All [broken link removed] - earlier this year only 46 were said to be low risk by the CB. Three hundred paid less than 1% in dividends last year of which over 80 paid nothing at all. 

Loan loss experience is over 17.5% and still rising. Assets are not being accounted for at market value by many. Viability is an issue for 75% of the sector. 

I agree consolidation shouldn't be an objective of itself in normal times - but it's become the government/regulatory/troika objective given the worsening fragility profile since 2008.  I don't expect credit unionists to do anything other than they've always done and that is to fight to protect their status. (in the land of the blind the one eyed giant is king) 

Their egos may try prevent change but the CB will have the powers to impose change.


----------



## CU Manager (25 Sep 2011)

@Kaplan - 

Where are you getting your statistics from?
 Please put context on the 17.5% loan loss experience - is this all in 2010 or a cumulative figure over a longer time period?
 How does this statistic compare with AIB, BOI, EBS, PTSB etc?

Assets not being accounted for at market value by many - how many? what assets? Are these CU's breaching accounting principles? 

Are their statutory auditors allowing them to sign off on accounts that dont give a true and fair view? If so, how many have had qualified audit opinions?

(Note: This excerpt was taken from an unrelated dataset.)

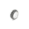 L'anello Petit Perlage è un capolavoro che celebra l’arte della fusione a cera persa. La sua raffinata lavorazione artigianale si distingue per il pavé di delicate sferette in argento brunito, finemente diamantate, che donano un gioco di luce unico e sofisticato. Realizzato a mano in azienda.

[MOD EDIT:Material in breach of Posting Guidelines Removed by moderator.]


----------



## kaplan (5 Oct 2011)

why are mergers being "forced"?


----------



## kaplan (5 Oct 2011)

Do you have any evidence to support the easy to regulate reason?


----------



## CU Manager (5 Oct 2011)

Anyone1 said:


> To force mergers.


 
Anyone, you hit the nail on the head. The obvious, simple answer is often the correct one.


----------



## kaplan (5 Oct 2011)

what's wrong with mergers?


----------



## ajapale (5 Oct 2011)

In the free (unregulated) market mergers/acquisitions will take place where there is a clear commercial advantage in doing so. In many cases the merged entity has to very quickly squeeze out costs and create synergies.

In the public sector where there is a current fad for merger there is no clear commercial rationale. I have argued against badly thought out kneejerk mergers in the public service. I just cant believe that one huge disfunctional behemoth such as the HSE is better than a small number of focused mission driven agencies. (but thats another debate!)

In the regulated sector the case can be made for merger for instance are we better with one big bus company or several smaller ones.

In the trade union sector few would argue that the proliferation of tiny unions in the 60's and 70's was a good thing and most involved supported the gradual amalgamatin of several unions into a handfull or large trade unions.

Is a small number of mega schools in a city better than a larger number of focused mission driven smaller schools?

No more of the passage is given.